Two Rules of Investing
We have a guest post from an experienced long term investor, who is a dedicated Stock Rover user and also a former world record holder in the 50 meter backstroke, Randall Bal. Randall writes about Buffett’s two rules of investing. You can read the post here .
Despite existing home sales  falling -8.5% in March to a seasonally adjusted annual rate of 5.27 million, sales continued their 9-month streak of yearly increases, and were up +0.8% compared to March 2019. On a regional basis, yearly sales fell in the Northeast (-3.0%), and the West (-0.9%), and grew in the Midwest (+4.2%), and the South (+0.9%). The median home price was $280,600, up +8.0% for the year and continuing a 97-month long streak of yearly price gains. Median home prices were the highest in the West ($420,600, +8.0% Y/Y), followed by the Northeast ($300,400, +8.3% Y/Y), the South ($245,100, +7.0% Y/Y), and the Midwest ($219,700, +9.7% Y/Y). The inventory of homes available for sale was up to 1.50 million units, which is a 3.4 month supply, and an increase from February’s 3.0 month supply, but down from 3.8 months a year ago.
The IHS Markit Composite Purchasing Managers’ Index  for mid-April recorded the sharpest contraction since the report series began in late 2009. The index for Service Activity dropped from 39.8 to 27.0, with service providers cutting staffing and lowering output prices as demand fell both nationally and globally. The Manufacturing Index fell from 48.5 to 36.9, with many respondents noting cancelled or postponed orders. Both input and output costs dropped for manufacturing, and although the number of US manufacturing workers fell, firms were able to catch up on backlogs because of the drop in new orders. The report stated that business confidence had turned pessimistic, and a PMI spokesman noted that “The scale of the fall in the PMI adds to signs that the second quarter will see an historically dramatic contraction of the economy”.

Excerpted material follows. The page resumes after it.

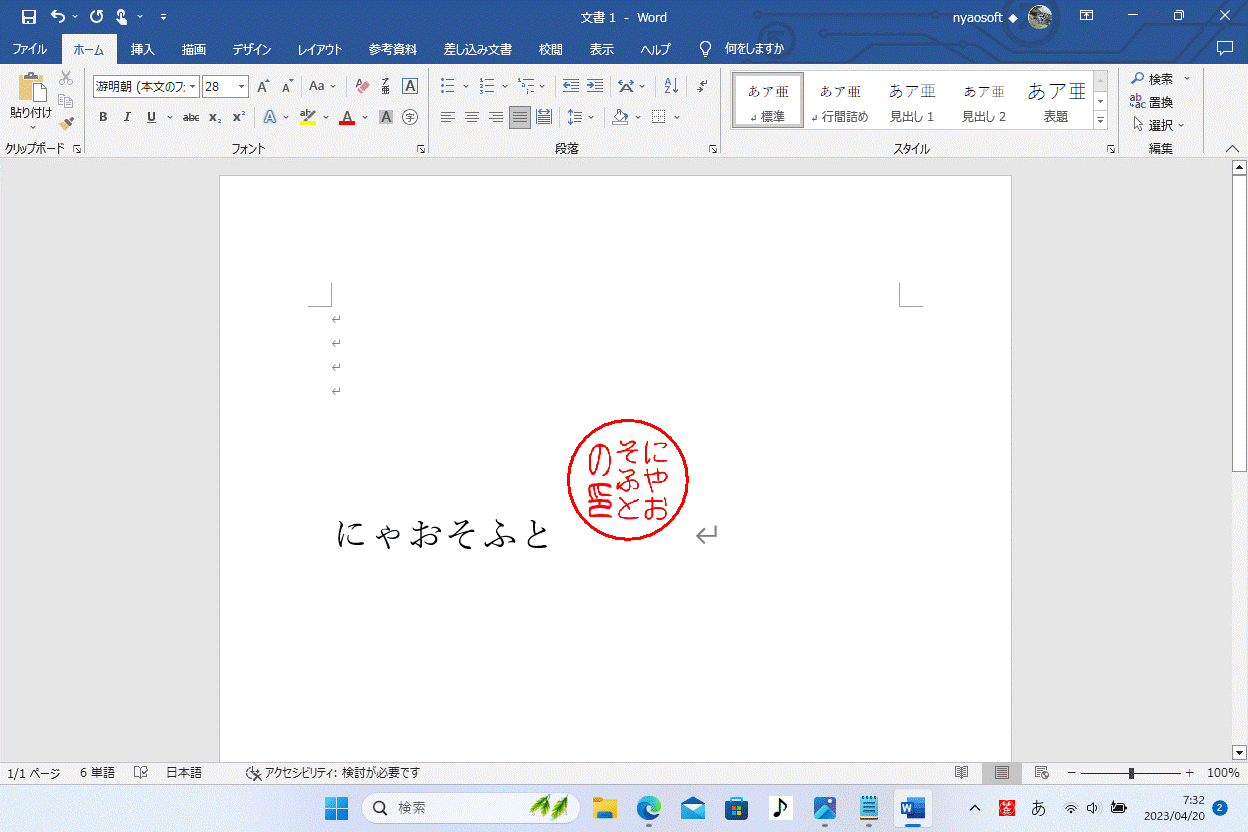 ワードに貼り付けた状態(この状態ですと文字に判子が重なりません)

New durable goods orders  fell -14.4% in March, to $213.2 billion from an upwardly revised $249.2 billion in February. The decrease was led by a -41.0% drop in transportation orders, with civilian aircraft orders down -295.7% and motor vehicle orders down -18.4%. Orders excluding transportation were only down -0.2% for the month. New orders dropped in all categories with the exception of communications equipment (+3.7%), and electrical equipment (+1.5%). Defense aircraft orders were up +63.7%, and defense capital goods were up +4.3%, helping to boost overall orders, and new orders excluding defense were down -15.8%. Capital goods orders were down -33.4%, although core capital goods, which exclude aircraft and defense, were up +0.1%.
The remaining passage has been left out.